Assuming your tasks are registered in the normal way, here's how to access a task named "My Task". The task name you use is the same name you'd use for any of the MAT utilities.

pDir = MAT.PluginMgr.LoadPlugins()

# pDir implements a dictionary, so you can use it as a dictionary

try:
myTask = pDir["My Task"]
except KeyError:
pass

# Alternatively, the getTask method catches the error and
# returns None if the task isn't found

myTask = pDir.getTask("My Task")

Reading a document

To read a document from a file, you must instantiate a reader, using the same reader name you'd use with any of the MAT utilities (e.g., "mat-json", "xml-inline"). If you want the document to use your task's well-formedness information, you can pass the task to the reader when you instantiate it.

# Here's how you instantiate a reader without a task.

r = MAT.DocumentIO.getDocumentIO("mat-json")

# And here's how you do it with the task retrieved in the previous section.

r = MAT.DocumentIO.getDocumentIO("mat-json", task = myTask)

# Once you have this reader, you can use it to read a document.
# This method raises MAT.Document.LoadError.

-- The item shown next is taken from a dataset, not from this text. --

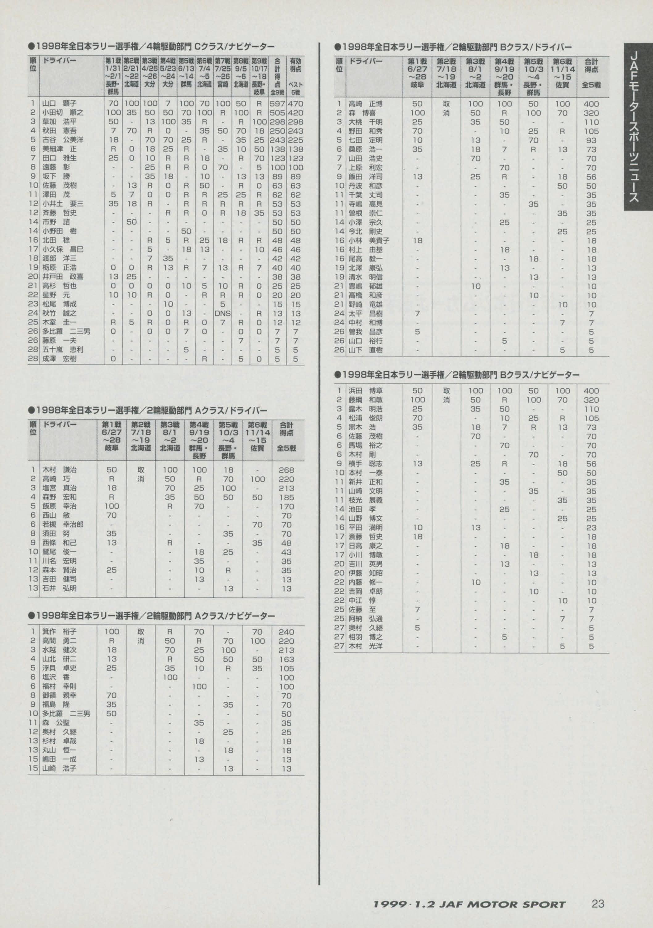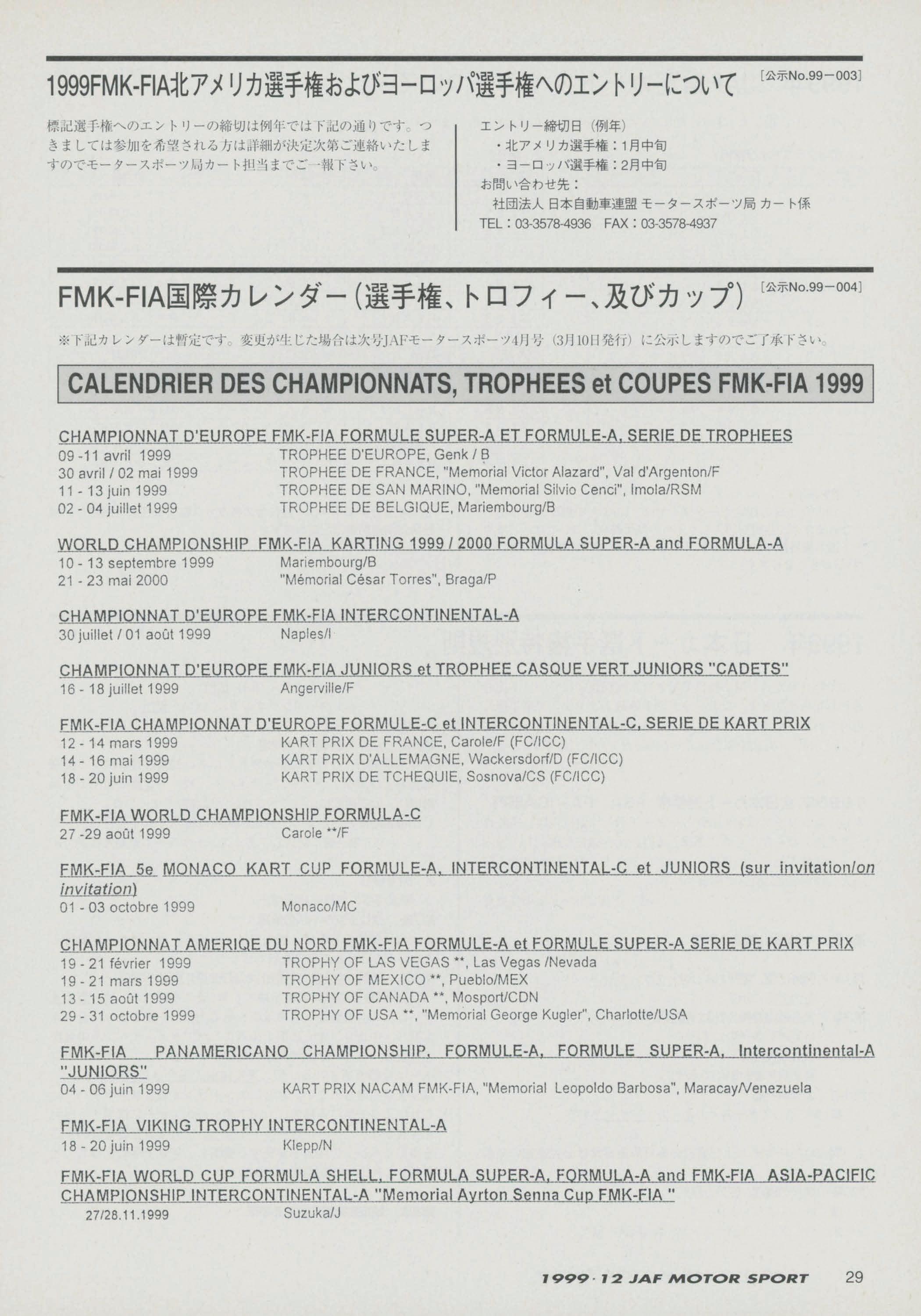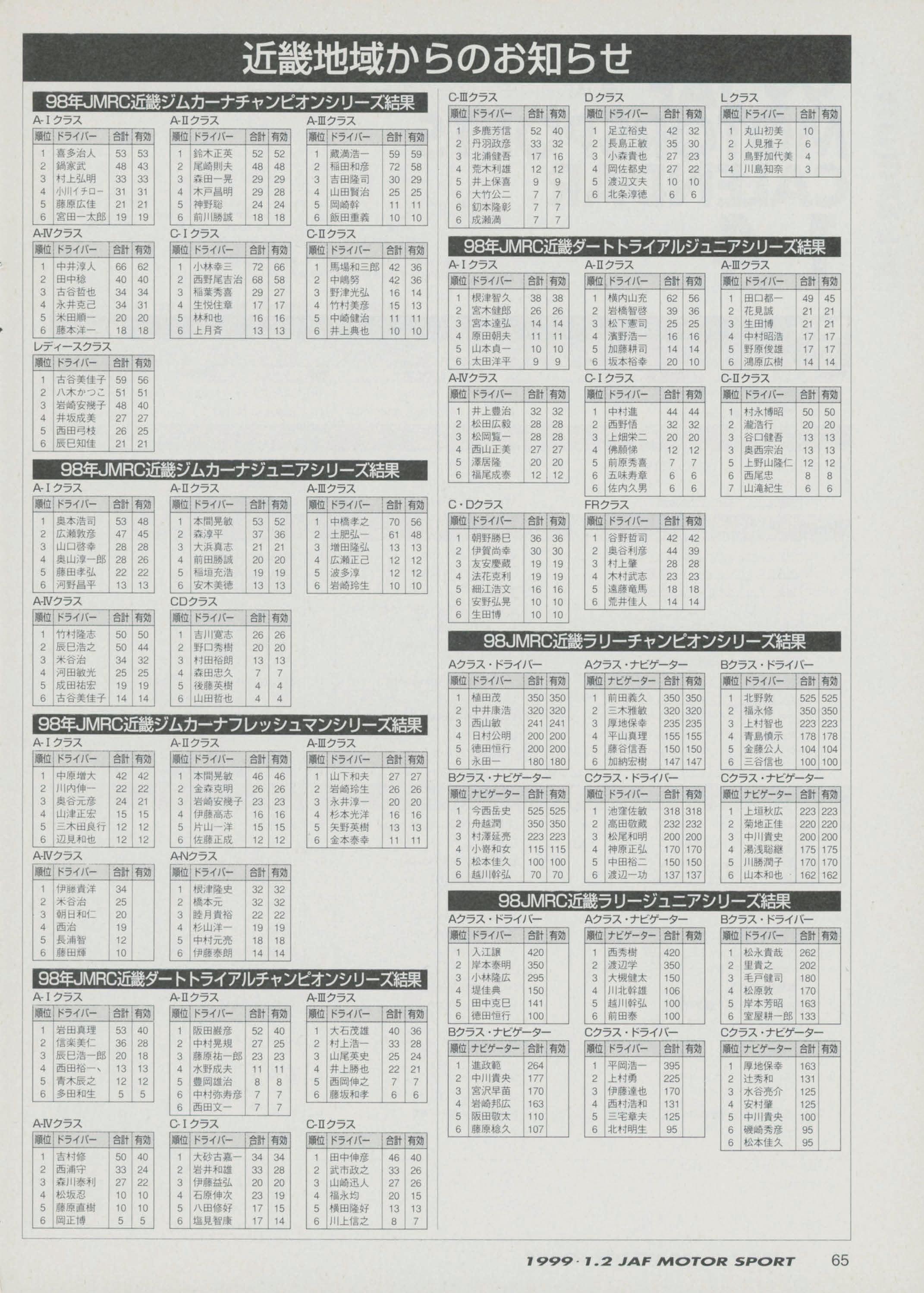 JAFスポーツ 1999年 1/2月号(第33巻 第1号 1999年1月1日発行)

d = r.readFromSource("/path/to/doc")

# You can also ready from standard input.

d = r.readFromSource("-")

# Readers have no document-level state; you can use the same reader
# to read an arbitrary number of documents.

d1 = r.readFromSource("/path/to/doc1")
d2 = r.readFromSource("/path/to/doc2")

The getDocumentIO() method also accepts the "encoding" keyword; this is ignored in the case of a reader like mat-json for which the encoding is always the same, but is quite useful when reading documents using the "raw" reader to create an unannotated MAT document:

r = MAT.DocumentIO.getDocumentIO("raw", encoding = "big5")

If you want to customize the instantiation of a reader, you can pass the XML reader attributes as keyword arguments to the instantiator. For instance, if you want to instantiate an xml-inline reader so that all XML elements in the document are converted to annotations, rather than just the ones defined in your task, you can do this:

r = MAT.DocumentIO.getDocumentIO("xml-inline", task = myTask, xml_translate_all = True)

Note that boolean options accept Python True/False as their values.

Creating a document

Alternatively, you can create a document from scratch, rather than loading it from a serialized source. You should provide a document signal (i.e., the text of the document) as a Python unicode object.

# You can create a document directly, without the task well-formedness information...

d = MAT.Document.AnnotatedDoc(signal = u"This is the document signal.")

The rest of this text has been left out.